Your job is to print, exactly, the lines in the data below from the line with "交替输出电路其实就是单按钮控" through the line with "Zawieszka z lusterkiem", both included, and to omit any picture.

MATERIAL SUPPLIED:
____________________
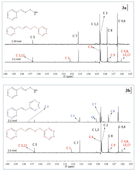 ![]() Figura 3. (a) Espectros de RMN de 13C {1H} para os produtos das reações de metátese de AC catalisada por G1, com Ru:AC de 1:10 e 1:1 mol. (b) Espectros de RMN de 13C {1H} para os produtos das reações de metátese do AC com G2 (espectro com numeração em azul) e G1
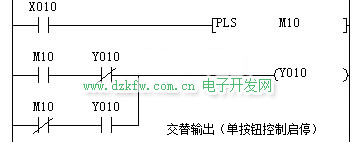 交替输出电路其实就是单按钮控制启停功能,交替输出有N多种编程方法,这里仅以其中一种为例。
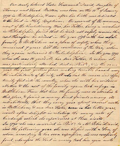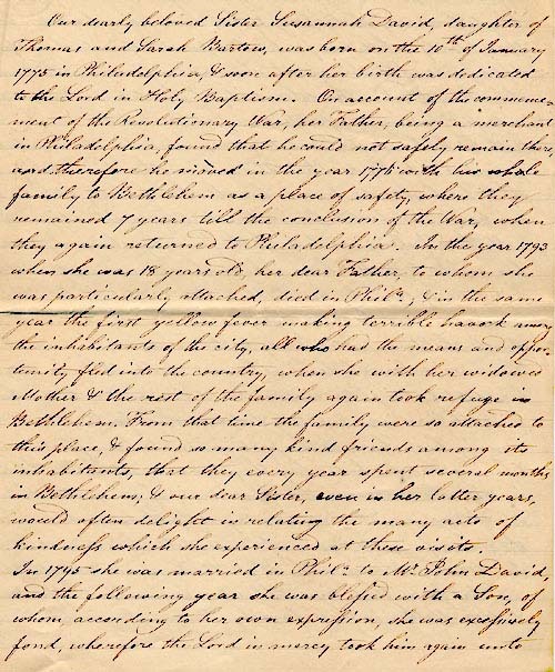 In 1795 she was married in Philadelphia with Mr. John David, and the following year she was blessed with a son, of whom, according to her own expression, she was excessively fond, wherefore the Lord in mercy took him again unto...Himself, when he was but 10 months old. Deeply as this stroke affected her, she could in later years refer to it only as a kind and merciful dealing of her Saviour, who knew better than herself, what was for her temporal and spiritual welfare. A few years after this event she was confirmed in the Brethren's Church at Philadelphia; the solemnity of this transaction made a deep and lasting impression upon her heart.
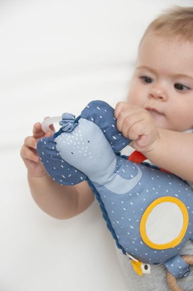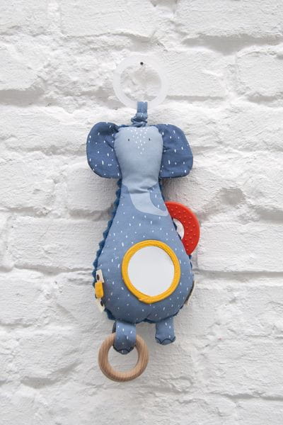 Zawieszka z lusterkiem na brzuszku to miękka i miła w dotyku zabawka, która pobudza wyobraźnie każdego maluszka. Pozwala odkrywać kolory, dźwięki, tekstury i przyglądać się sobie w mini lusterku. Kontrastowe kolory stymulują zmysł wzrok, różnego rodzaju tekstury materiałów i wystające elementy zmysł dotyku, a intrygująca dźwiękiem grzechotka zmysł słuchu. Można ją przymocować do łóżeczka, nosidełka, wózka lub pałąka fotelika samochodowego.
____________________
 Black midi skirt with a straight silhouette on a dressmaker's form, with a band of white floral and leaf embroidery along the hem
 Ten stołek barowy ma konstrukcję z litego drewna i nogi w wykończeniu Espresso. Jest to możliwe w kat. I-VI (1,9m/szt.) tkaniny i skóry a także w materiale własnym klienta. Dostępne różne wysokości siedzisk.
____________________
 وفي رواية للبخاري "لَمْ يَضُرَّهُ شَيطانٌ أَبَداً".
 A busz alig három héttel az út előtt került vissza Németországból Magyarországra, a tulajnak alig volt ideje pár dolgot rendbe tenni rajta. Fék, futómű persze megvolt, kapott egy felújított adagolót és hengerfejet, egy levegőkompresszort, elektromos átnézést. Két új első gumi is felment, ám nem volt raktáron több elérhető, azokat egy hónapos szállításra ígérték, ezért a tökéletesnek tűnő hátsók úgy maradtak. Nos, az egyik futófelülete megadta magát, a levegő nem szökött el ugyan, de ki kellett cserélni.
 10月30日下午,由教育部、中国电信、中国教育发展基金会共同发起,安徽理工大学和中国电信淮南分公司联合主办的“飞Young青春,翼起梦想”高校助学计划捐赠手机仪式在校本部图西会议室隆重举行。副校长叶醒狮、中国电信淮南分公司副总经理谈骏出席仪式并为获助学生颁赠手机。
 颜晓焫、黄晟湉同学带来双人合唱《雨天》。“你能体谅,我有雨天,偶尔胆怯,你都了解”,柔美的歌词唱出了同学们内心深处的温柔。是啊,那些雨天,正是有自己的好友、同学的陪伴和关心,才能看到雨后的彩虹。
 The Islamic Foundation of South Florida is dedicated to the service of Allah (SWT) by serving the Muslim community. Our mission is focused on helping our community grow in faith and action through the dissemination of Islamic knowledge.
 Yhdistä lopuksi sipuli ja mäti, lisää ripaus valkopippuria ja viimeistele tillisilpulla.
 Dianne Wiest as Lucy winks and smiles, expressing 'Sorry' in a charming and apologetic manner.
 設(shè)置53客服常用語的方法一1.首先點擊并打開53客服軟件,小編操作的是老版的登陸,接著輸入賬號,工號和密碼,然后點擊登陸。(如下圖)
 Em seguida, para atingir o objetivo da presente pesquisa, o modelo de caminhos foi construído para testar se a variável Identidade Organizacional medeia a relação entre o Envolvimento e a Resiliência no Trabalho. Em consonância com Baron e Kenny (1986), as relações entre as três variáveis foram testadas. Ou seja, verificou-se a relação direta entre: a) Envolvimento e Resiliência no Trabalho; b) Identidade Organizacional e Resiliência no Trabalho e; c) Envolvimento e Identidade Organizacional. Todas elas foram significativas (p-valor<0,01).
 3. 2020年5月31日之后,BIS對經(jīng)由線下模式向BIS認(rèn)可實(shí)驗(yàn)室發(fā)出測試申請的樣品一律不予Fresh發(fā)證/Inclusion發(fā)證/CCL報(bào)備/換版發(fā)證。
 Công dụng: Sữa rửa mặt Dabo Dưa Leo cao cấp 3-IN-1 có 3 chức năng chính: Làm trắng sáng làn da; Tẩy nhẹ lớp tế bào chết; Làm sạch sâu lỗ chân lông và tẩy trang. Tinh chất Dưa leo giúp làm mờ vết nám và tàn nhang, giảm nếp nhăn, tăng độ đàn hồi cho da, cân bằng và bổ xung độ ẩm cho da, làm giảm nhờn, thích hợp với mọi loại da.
____________________
REPLY:
 交替输出电路其实就是单按钮控制启停功能,交替输出有N多种编程方法,这里仅以其中一种为例。
 In 1795 she was married in Philadelphia with Mr. John David, and the following year she was blessed with a son, of whom, according to her own expression, she was excessively fond, wherefore the Lord in mercy took him again unto...Himself, when he was but 10 months old. Deeply as this stroke affected her, she could in later years refer to it only as a kind and merciful dealing of her Saviour, who knew better than herself, what was for her temporal and spiritual welfare. A few years after this event she was confirmed in the Brethren's Church at Philadelphia; the solemnity of this transaction made a deep and lasting impression upon her heart.
 Zawieszka z lusterkiem na brzuszku to miękka i miła w dotyku zabawka, która pobudza wyobraźnie każdego maluszka. Pozwala odkrywać kolory, dźwięki, tekstury i przyglądać się sobie w mini lusterku. Kontrastowe kolory stymulują zmysł wzrok, różnego rodzaju tekstury materiałów i wystające elementy zmysł dotyku, a intrygująca dźwiękiem grzechotka zmysł słuchu. Można ją przymocować do łóżeczka, nosidełka, wózka lub pałąka fotelika samochodowego.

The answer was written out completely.